Configuration

The Accio agent accepts a large number of configuration options, which are specified through command-line arguments. As such, all the options are specified either directly in the command-line, or inside a startup script (such as a Shell script, or a systemd configuration file).

A typical command to start the agent looks like:

java $JAVA_OPTS -jar /opt/accio-gateway.jar $ACCIO_OPTS

where JAVA_OPTS contains the flags used to tune the JVM and ACCIO_OPTS contains the Accio-specific flags.

JVM configuration

First of all, because Accio runs on the JVM, it is particularly important to configure it correctly. The exact settings are dependent on your machine and the expected workload. As a starting point, we recommend:

  • The initial (-Xms) and maximum (-Xmx) heap size should be identical to prevent heap resizing.
  • Either -XX:+UseConcMarkSweepGC or -XX:+UseG1GC -XX:+UseStringDeduplication are sane defaults for the garbage collector.
  • -Djava.net.preferIPv4Stack=true makes sense in most cases.

Tuning the JVM is a rather complex topic, and a science in itself. The interested reader will find a lot of materials on the Web.

Network configuration

By default, the agent binds itself to all interfaces and listens on the 9999 port, while the administrative interface listens on the 9990 port. You may explicitly specify those ports and interfaces with the -thrift.port and -admin.port flags. They take as argument a hostname and a port number, delimited by a colon. The hostname may be left empty to bind on all interfaces.

For example, to bind the admin interface on localhost, and make the agent listen on port 8080 on all interfaces, you would use the following flags:

-thrift.port=:8080
-admin.port=127.0.0.1:9990

Storage configuration

The runtime information about workflows and runs is persisted inside a storage. Accio comes with several implementations for the storage, among which only one can be active. The storage type is configured with the -storage flag. By default, an in-memory storage is used, which means that the data is lost once the server stops. You may certainly want to switch to a more durable alternative, such as a MySQL database. The description of all available storages and their respective configuration is available on the dedicated page.

Scheduler configuration

The scheduler is in charge of launching and monitoring the execution of tasks contained inside runs. The tasks are launched via the executor, which is a small executable in charge of parsing the information about the task to execute, instantiate the corresponding operator, execute it and write the result into a file.

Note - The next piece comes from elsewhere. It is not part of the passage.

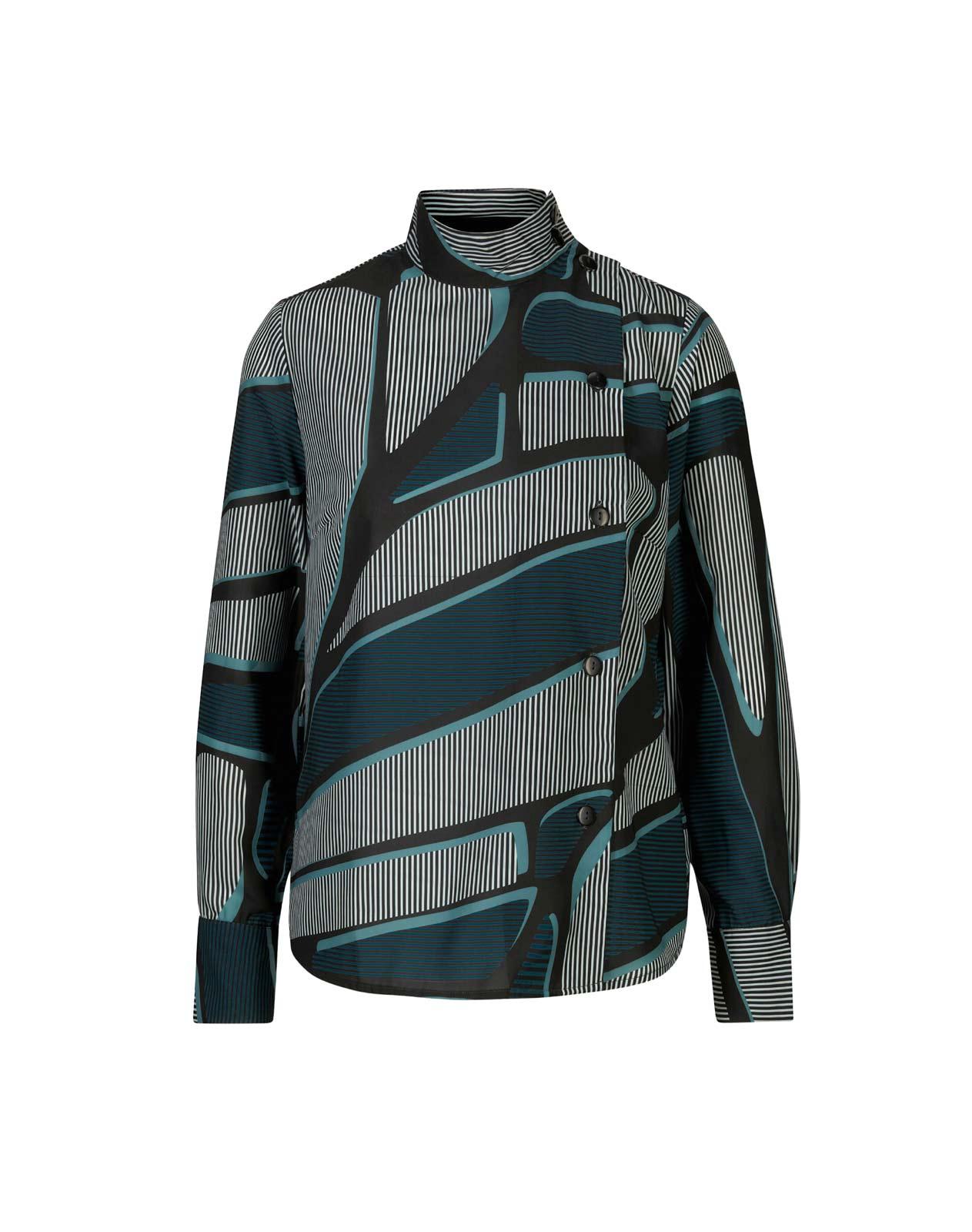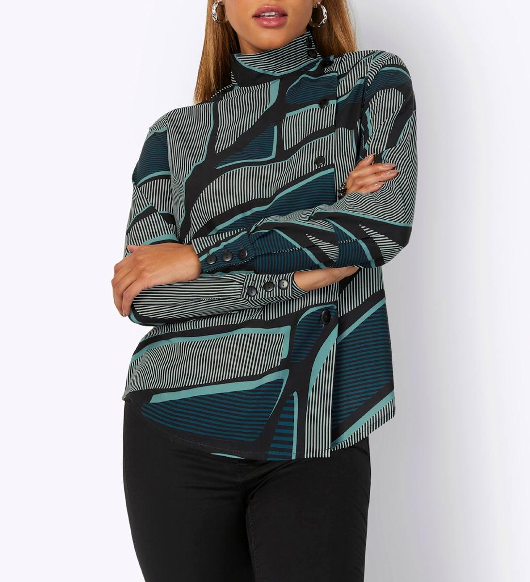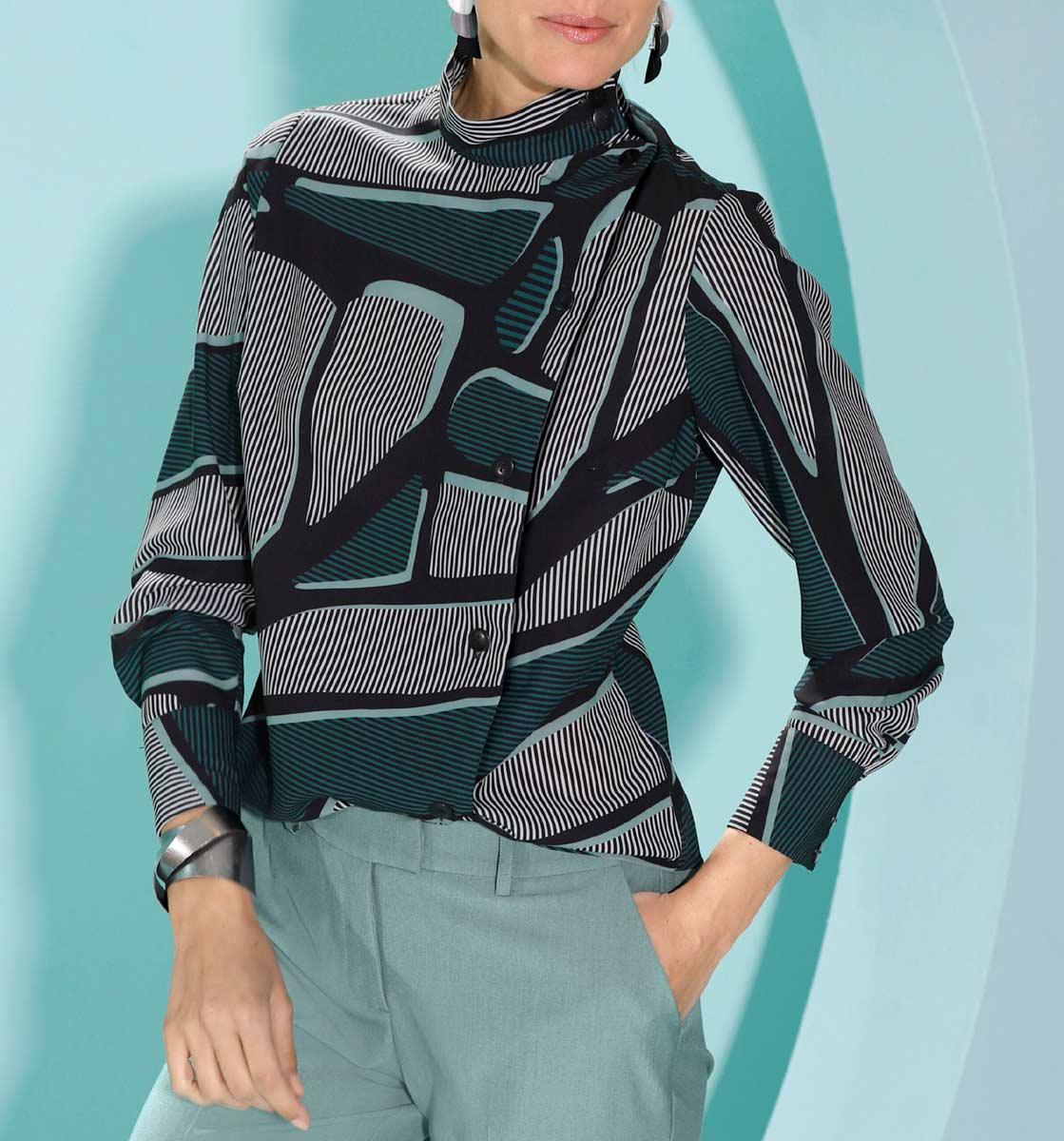 Fesseln Sie die Blicke mit dieser Bluse in modischer Trendfarbe. Extravagant der Stehkragen mit breiter Blende am überlappendem ...

The executor indeed obeys to a simple contract: it receives two command-line arguments:

  • the first one is an encoded representation of the task to execute.
  • the second one is the path to a file where to write the result.

The task to execute is represented as the Task Thrift structure, which is then encoded by the Thrift binary protocol and finally base64-encoded and received as the first argument. The result is represented as the OpResult Thrift structure, which is then encoded by the Thrift binary protocol and stored in the output file specified as the second argument. The Thrift structures manipulated by Accio are defined in the api.thrift file.

The location of the executor is specified by the -executor_uri flag. Normally, it should point to the official Accio executor, e.g.:

-executor_uri=/opt/accio-executor.jar

Accio comes with several implementation for the scheduler, among which only one can be active. The scheduler type is configured with the -scheduler flag. The description of all available storages and their respective configuration is available on the dedicated page.